### [Work required]
Once "Contactors requirements for" turns up in a line below, reproduce that line and those after it exactly, stopping after the line with "oprema četkice Tehnologija"; leave pictures out.

### [Records provided]
---------------
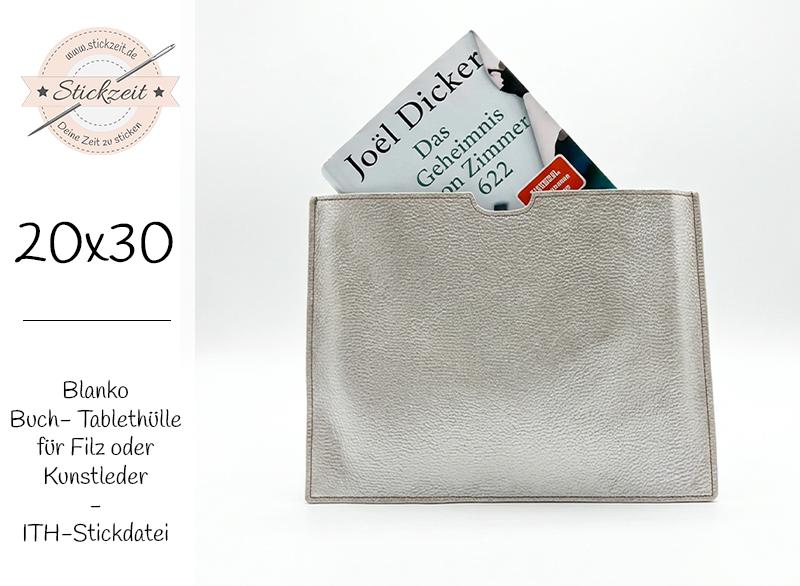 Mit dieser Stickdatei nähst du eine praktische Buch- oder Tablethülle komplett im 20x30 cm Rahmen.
---------------
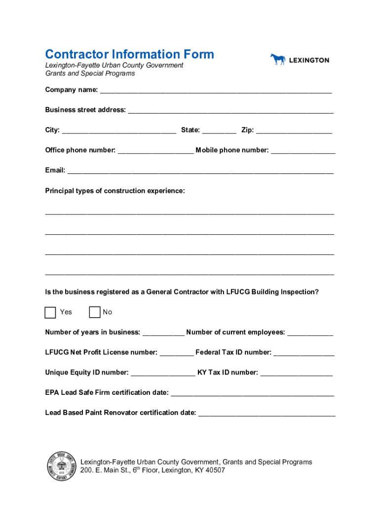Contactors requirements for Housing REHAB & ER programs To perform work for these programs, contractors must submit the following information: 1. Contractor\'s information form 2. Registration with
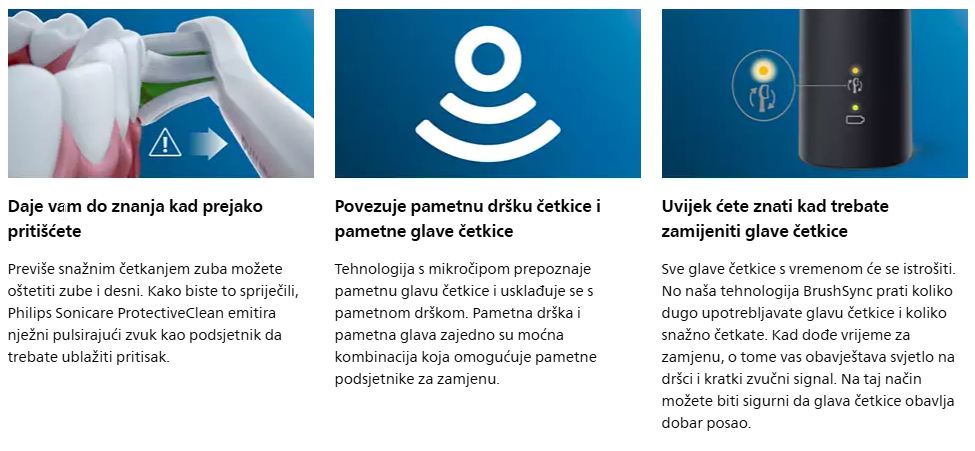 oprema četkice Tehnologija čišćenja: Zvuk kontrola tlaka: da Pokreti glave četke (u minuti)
---------------
### [Task response]
Contactors requirements for Housing REHAB & ER programs To perform work for these programs, contractors must submit the following information: 1. Contractor\'s information form 2. Registration with
 oprema četkice Tehnologija čišćenja: Zvuk kontrola tlaka: da Pokreti glave četke (u minuti)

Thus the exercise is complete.